If you value yourself and have boundaries and values, nobody can come along and have you doing and being things that have you becoming distanced from who you are and also normalising bad behaviour in your relationships. By the same token, if you truly value yourself, and have boundaries and values, you’ll value and accept others who reflect your beliefs, and you won’t cross their boundaries or disrespect their values.

It’s important to note at this point, that say for instance, you’re involved with unavailable or even assclownic folk,  while no doubt it’s apparent that there’s a conflict in values, it’s recognising this rather than thinking, I can see that it’s screwed up that they value this so I must get him/her to change it because surely someone who values these things must realise it’s wrong and just needs the love of a good person?

If you really are looking to be happy and to meet someone who you are genuinely compatible with, it’s not about having dubious relationship habits, finding your ‘type’, and then trying to make them have your values or abandoning yours by hammering the square peg into a round hole so that you can get your ‘happy ending’. It’s about respecting you by respecting your values and aligning yourself with someone with similar core values.

Ask yourself: What are my values? Then look at your relationships and see if they reflect them and if they don’t, not only will you identify why your relationships haven’t been working, but it’s also time to question why you essentially ignore yourself and identify where you’re inadvertently or willfully compromising you and in turn suppressing your own needs, expectations and wishes.

Ultimately, we are all free to choose partners for whatever reason we feel like.
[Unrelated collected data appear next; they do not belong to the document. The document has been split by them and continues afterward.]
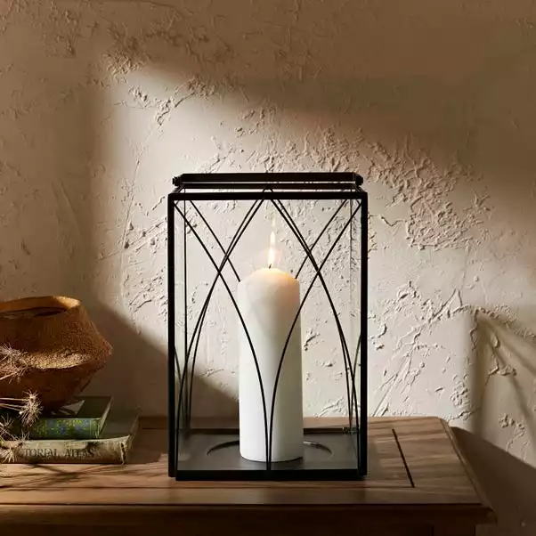 This Signature Metal Lantern is the perfect addition to your home, setting an ambience that relaxes you and your home. Beautifully made from durable and sturdy and finished with pristine glass. It features a black design that casts a stunning light when a candle it lit and is complete with a handle for easy carrying. Why not pair it with a pillar candle available to purchase separately?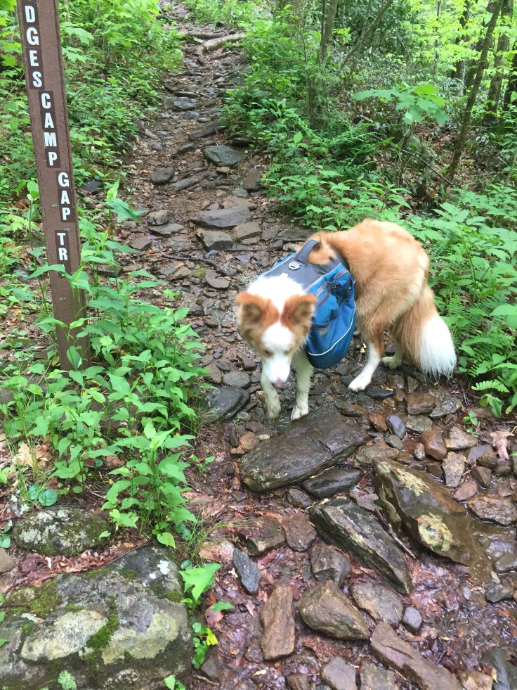 We decided we were going to hike Sunday rain or shine. They picked this trail in the Shining rock wilderness. Sherri and Debbie came to pick me up. Our trail guide was in the backseat and as I got in I felt like I was being crowded. I think our guide liked me? Practically sitting on my lap. I was like “move over!”. Then the kisses started . After the excitement of the new girl wore off and all was quiet. Our trail guide is adorable and was a real good guide!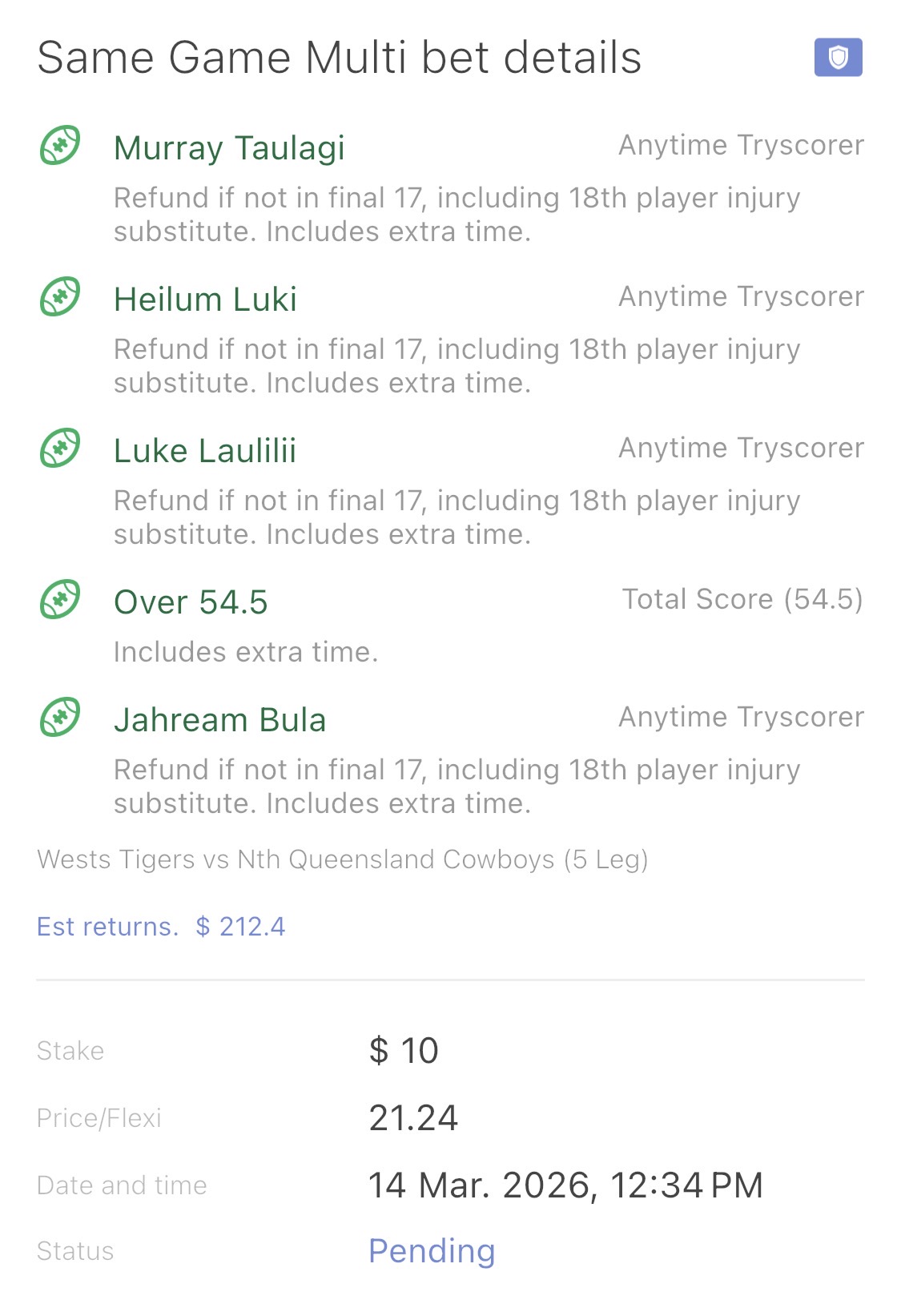 After last nights magic, have had a sneaky $5 on Alex Twal for fts this arvo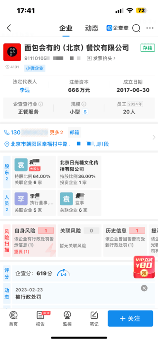 企某查消息显示,“面包会有的”品牌所属从体为“面包会有的()餐饮无限公司”,成立于2017年6月30日,注册本钱666万元,法报酬李某。而该公司大股东恰是袁丁(袁丁系原名,现为袁弘),持股比例高达64%,张歆艺取袁弘佳耦不只是品牌创始人,还亲身为其代言推广。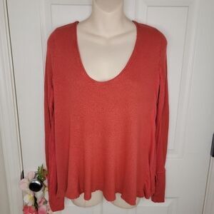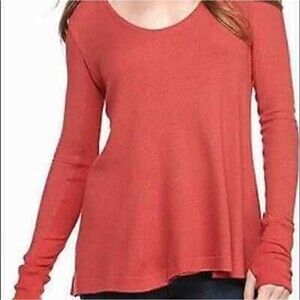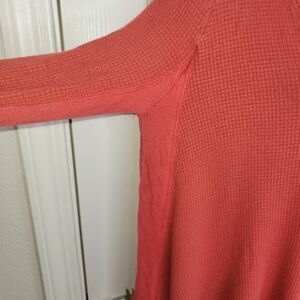 Good, preloved condition. Free People | We the Free Malibu Thermal Top. Raw edge thermal. High low hem. Thumbhole details. Long sleeves. Scoop neck. Oversized. Washed red, red-orange shade.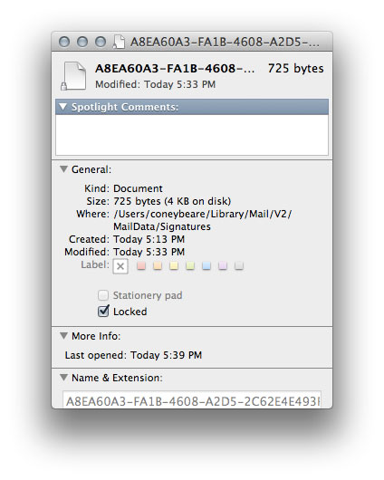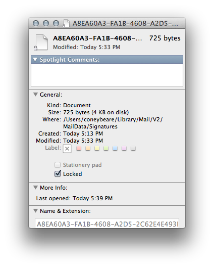 More specifically, we are looking for the placeholder signature file you created earlier. Locate the most recently modified .mailsignature file.

We can root our choices in shared values or we can choose based on toxic beliefs, appearance, money, sexual attraction, desire to change the person, assumptions or whatever but… we are not free of the consequences of those choices.

If you choose partners without true regard for shared values, you will not only feel devalued and in the end, act from a position of feeling devalued, but you’re be perpetually on the back foot feeling bad about the lack of shared values you never sought in the first place. You matter. Don’t sell you short.

Your thoughts?

Holiday Update

Golden Girls wine glasses

  • I’m up t’north in Hull with one of my best mates Nikki ‘Nac’ helping her to get her new business launched. We had a mojito earlier and have reminisced about some of the bonkers stuff we’ve been through as well as chatting about anything and everything while we beaver away. Cue the Golden Girls theme tune. Aren’t these glasses (above) so cool?
  • I bumped into another BR reader this morning while getting off the train at Victoria! She lives two streets away from me and after shady relationships, she’s grown her self-esteem and is getting married next year. We ended up getting the tube together and having a laugh! I must admit that I did keep thinking, I hope she’s not staring too closely at my eyebrows… (wax time).
  • Don’t get too excited…yet… but I am going to be needing some help from a few Stateside readers in the autumn as I will be shooting a pilot for a show… More details in a few weeks. OK you can squeal now.